Nevertheless, several limitations should be acknowledged. The retrospective design required reliance on medical record abstraction and may therefore be subject to incomplete data collection or documentation bias. Anthropometric measurements were not performed by a single examiner, although all personnel followed standardized procedures.

The study was additionally limited by its single-center design and relatively modest sample size, which may reduce generalizability. The sample size also precluded meaningful subgroup analyses according to treatment modality. Such analyses were further complicated by the dynamic nature of EoE treatment, as many patients changed therapies during follow-up. Most patients initially received proton pump inhibitors before transitioning to elimination diets or topical corticosteroids.

Another important limitation is the lack of detailed nutritional data. Information regarding dietary intake, adherence to elimination diets, use of dietary supplements, and involvement of dietitians was not systematically available. These factors may significantly influence nutritional outcomes and represent an important area for future research.

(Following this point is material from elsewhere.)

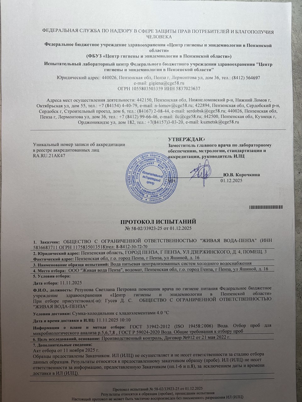 | Минерализатор турмалин | 24.11.2025 | 23.05.2026 |

Finally, histological follow-up timing was not fully standardized, as endoscopic reassessment was guided by clinical indications and treatment response. However, this approach reflects real-world clinical practice.

5. Conclusions

EoE can affect children across the entire spectrum of nutritional status, ranging from malnutrition to obesity. Long-term monitoring of nutritional status and growth should therefore be incorporated into the routine management of pediatric EoE. Clinicians should remain aware that both undernutrition and obesity may develop during the disease course. Personalized nutritional counseling and careful longitudinal follow-up are essential to optimize growth and nutritional outcomes in children with EoE.